Kedekatan dengan orang yang berarti dalam hidup dan yang telah merawat pasien
Kualitas hidup didefinisikan dan
dievaluasi sebagai wujud kepuasan melalui hasil penilaian empiris seperti penanganan
tehadap gejala dan kepuasan dengan hubungan interpersonal. Memasukkan pilihan-pilihan
pasien ke dalam keputusan perawatan merupakan pertimbangan yang tepat.
Teori ini menjelaskan hidup yang berkualitas
sebagai keadaan di mana seseorang mendapatkan apa yang diinginkan, sebuah
pendekatan yang dirasa tepat untuk memberikan perawatan pada seseorang yang
ingin menghadapi kematian dengan damai.
Karena teori peace end of life berasal
dari standar pelayanan yang ditulis oleh tim perawat ahli yang menangani masalah
praktek, konsep metaparadigma yang melekat dalam mengatasi fenomena keperawatan,
perawatan kompleks dan holistik diperlukan untuk mendukung peace end of life.
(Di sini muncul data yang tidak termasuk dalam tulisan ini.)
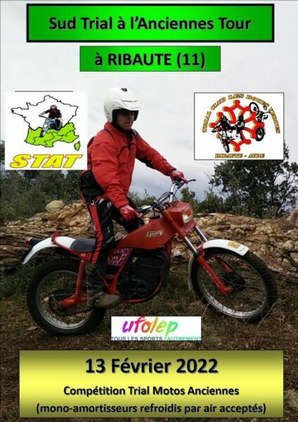 Le TCLRV (Trial Club Les Roues Verte) organise à Ribaute (11) l’ouverture du challenge STAT 2022. Ca aura lieu le 13 février sous l’égide de l’UFOLEP sur le superbe terrain du club. Terre rouge et rochers sous les pinèdes : magnifique endroit !
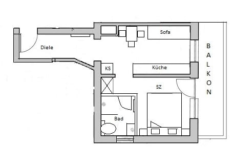 • Wohn - Essbereich mit Schlafcouch für 1 Person

Ada dua asumsi yang diidentifikasi oleh
Ruland and Moore’s (1998) dalam teori peace end of life yaitu:
a. Kejadian dan perasaan pada end of life
bersifat personal dan individual.
b. Pelayanan keperawatan memiliki peran
penting dalam menciptakan pengalaman end of life ini. Perawat mengkaji dan
menginterprestasikan petunjuk yang merefleksikan pengalaman end of life pasien
dan memberikan intervensi seperlunya untuk mendapatkan atau mempertahankan
pengalaman penuh kedamaian bahkan terhadap pasien sekarat yang tidak mampu
berkomunikasi secara verbal sekalipun.